Kaylin Hsieh Sin-yan (born 19 May 2001) is a Hong Kong fencer. She won one of the bronze medals in the women's team épée event at the 2018 Asian Games held in Jakarta, Indonesia. In 2021, she represented Hong Kong at the 2020 Summer Olympics in Tokyo, Japan.

In 2018, she also won the silver medal in the girls' épée event at the Summer Youth Olympics held in Buenos Aires, Argentina.
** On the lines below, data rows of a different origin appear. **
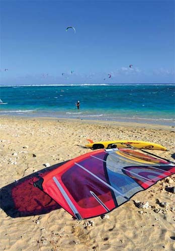 我們?cè)诹裟嵬膸滋鞎r(shí)間里風(fēng)浪都比較大,不過(guò)來(lái)到海邊卻發(fā)現(xiàn)海灘上依舊人聲鼎沸,原來(lái)好動(dòng)的法國(guó)人和一些歐美游客正利用風(fēng)浪玩起了刺激的海上運(yùn)動(dòng)。幾米高的海浪中早已有了十多名沖浪好手相繼嘗試挑戰(zhàn),雖然他們中的大部分只是業(yè)余愛(ài)好,并非職業(yè)沖浪選手,不過(guò)一招一式也是頗為認(rèn)真。靠近海岸附近的淺水區(qū)則更多是風(fēng)帆、摩托艇、皮劃艇、海浪滑板等各項(xiàng)水上運(yùn)動(dòng)的世界,對(duì)于他們來(lái)說(shuō),大風(fēng)就是運(yùn)動(dòng)的動(dòng)力,海水就是運(yùn)動(dòng)的場(chǎng)地。一般島上的家庭都會(huì)趁著周末舉家開(kāi)車來(lái)到海邊,喜歡玩水的玩水,而其他家庭成員則在沙灘上聚餐或者聊天,如此融入大自然真是瀟灑。
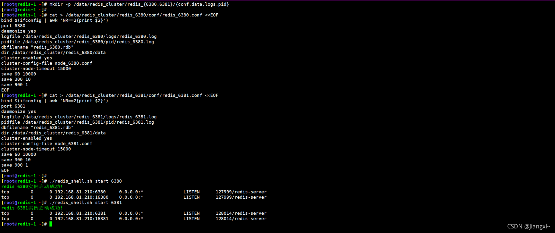 1.创建部署路径 mkdir -p /data/redis_cluster/redis_{6380,6381}/{conf,data,logs,pid} 2.准备配置文件 cat > /data/redis_cluster/redis_6380/conf/redis_6380.conf <<EOF bind $(ifconfig | awk 'NR==2{print $2}') port 6380 daemonize yes logfile /data/redis_cluster/redis_6380/logs/redis_6380.log pidfile /data/redis_cluster/redis_6380/pid/redis_6380.log dbfilename "redis_6380.rdb" dir /data/redis_cluster/redis_6380/data cluster-enabled yes cluster-config-file node_6380.conf cluster-node-timeout 15000 save 60 10000 save 300 10 save 900 1 EOF cat > /data/redis_cluster/redis_6381/conf/redis_6381.conf <<EOF bind $(ifconfig | awk 'NR==2{print $2}') port 6381 daemonize yes logfile /data/redis_cluster/redis_6381/logs/redis_6381.log pidfile /data/redis_cluster/redis_6381/pid/redis_6381.log dbfilename "redis_6381.rdb" dir /data/redis_cluster/redis_6381/data cluster-enabled yes cluster-config-file node_6381.conf cluster-node-timeout 15000 save 60 10000 save 300 10 save 900 1 EOF 3.启动 [root@redis-1 ~]# ./redis_shell.sh start 6380 redis 6380实例启动成功! tcp 0 0 192.168.81.210:6380 0.0.0.0:* LISTEN 127999/redis-server tcp 0 0 192.168.81.210:16380 0.0.0.0:* LISTEN 127999/redis-server [root@redis-1 ~]# ./redis_shell.sh start 6381 redis 6381实例启动成功! tcp 0 0 192.168.81.210:6381 0.0.0.0:* LISTEN 128014/redis-server tcp 0 0 192.168.81.210:16381 0.0.0.0:* LISTEN 128014/redis-server
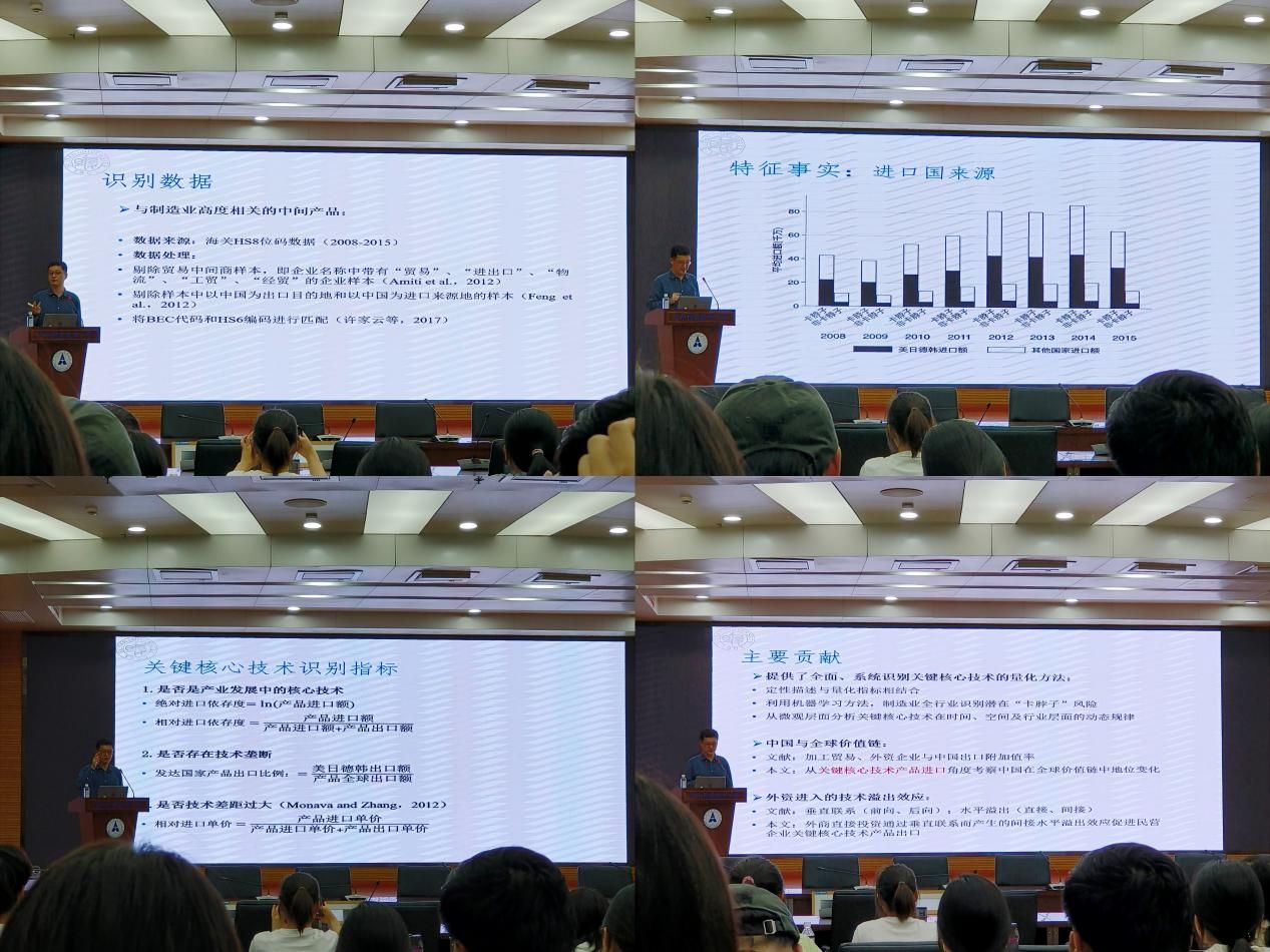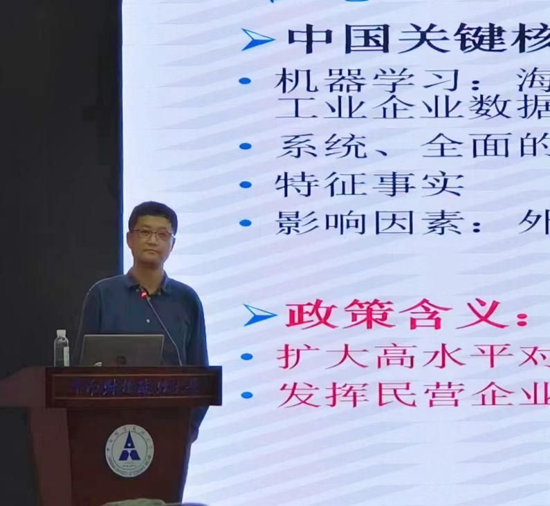 陈钊教授从研究背景入手,提出自身确定选题的考虑因素。他从诸多中央文件当中提炼出我国产业链供应链处于薄弱环节,存在关键核心技术“卡脖子”,概念界定缺乏量化方法等问题,并展开研究。研究内容部分,陈钊教授首先提出关键核心技术识别框架和量化指标,并以中国对美加征关税商品排除清单为依据,展示利用机器学习的方法,对海关进出口商品进行分类;接着进行特征描述,他指出中国关键核心技术产品复杂程度更高,外资企业在其进出口占主导地位,民营企业进口占比逐年上升而国营企业成下降趋势;最后对于FDI和关键技术的进出口进行实证分析和机制分析。此研究提供了全面、系统识别关键核心技术产品的量化方法,陈教授也提出扩大高水平对外开放,积极有效利用外资,发挥民营经济主体作用,有助于进一步保障我国的产业链安全。
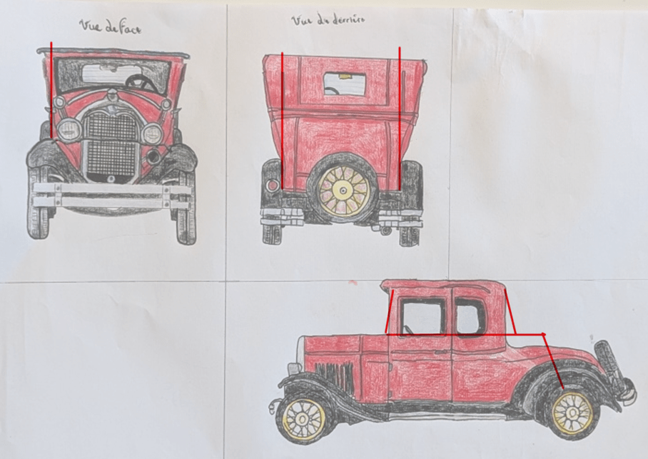 Ton exercice est très soigné et tu as fait de très belles lignes ! Comme correction, je vois juste que dans la vue de face, les pneus sont assez petits pour déplacer ce véhicule. Mais à part cela, tout est parfait !
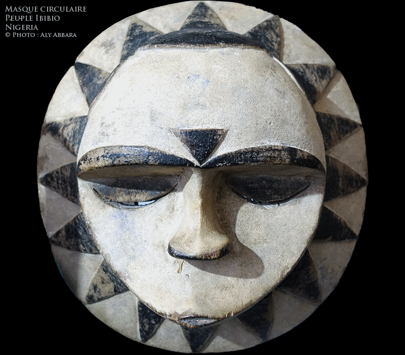 - Masque circulaire, lunaire caractérisé par la présence d'un visage sculpté au centre d'un disque ; ce visage est divisé selon une ligne horizontale en deux moitiés presque égales, supérieure et inférieure.
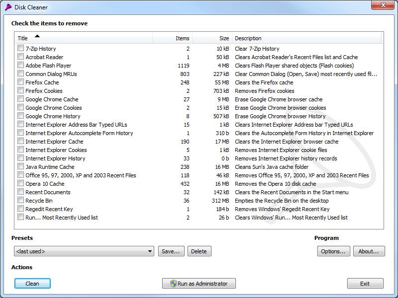 Disk Cleaner is a free tool to quickly and easily clean your hard disk from temporary files like those in the system temporary folder, the Internet Explorer Cache and Cookies folder, and the Recycle Bin. It is very easy to use: select the items you would like to clean, press the clean button, and you're done! Despite the ease of use, the extendibility by plug-ins, which in fact are just simple text files, make that Disk Cleaner can also be used by power users to clean specific items. All that is needed to create a simple plug-in is a text editor, such as notepad.
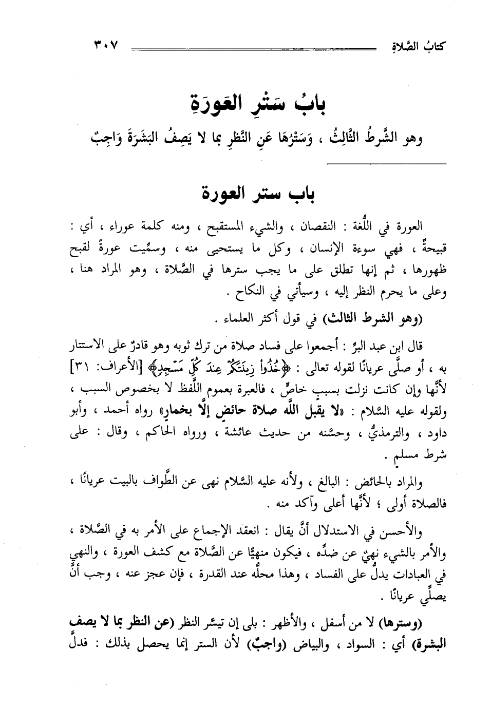 العورة في اللغة النقصان والشيء المستقبح ومنه كلمة عوراء أي قبيحة فهي سوءة الإنسان وكل ما يستحيى منه وسميت عورة لقبح ظهورها ثم إنها تطلق على ما يجب سترها في الصلاة وهو المراد هنا وعلى ما يحرم النظر إليه وسيأتي في النكاح.
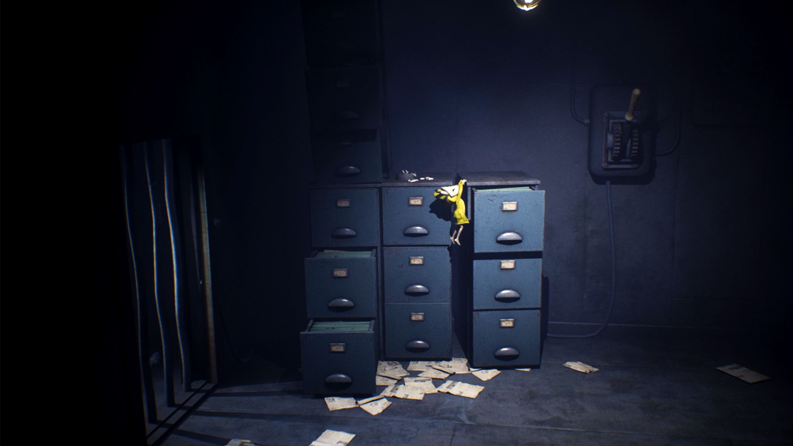 Откройте крайний левый ящик и тот, что прямо над ним. Используйте эти ящики как ступеньки, чтобы подняться выше, затем прыгните направо. Как только вы окажетесь там, потяните за рычаг, чтобы отключить всё питание.

At the opening ceremony of the 2018 Summer Youth Olympics she carried the flag for Hong Kong.

At the 2018 Asian Fencing Championships in Bangkok, Thailand, she won one of the bronze medals in the women's individual épée event. She also won the silver medal in the women's team épée event. In 2019, she won the bronze medal in the women's team épée at the Asian Fencing Championships held in Chiba, Japan.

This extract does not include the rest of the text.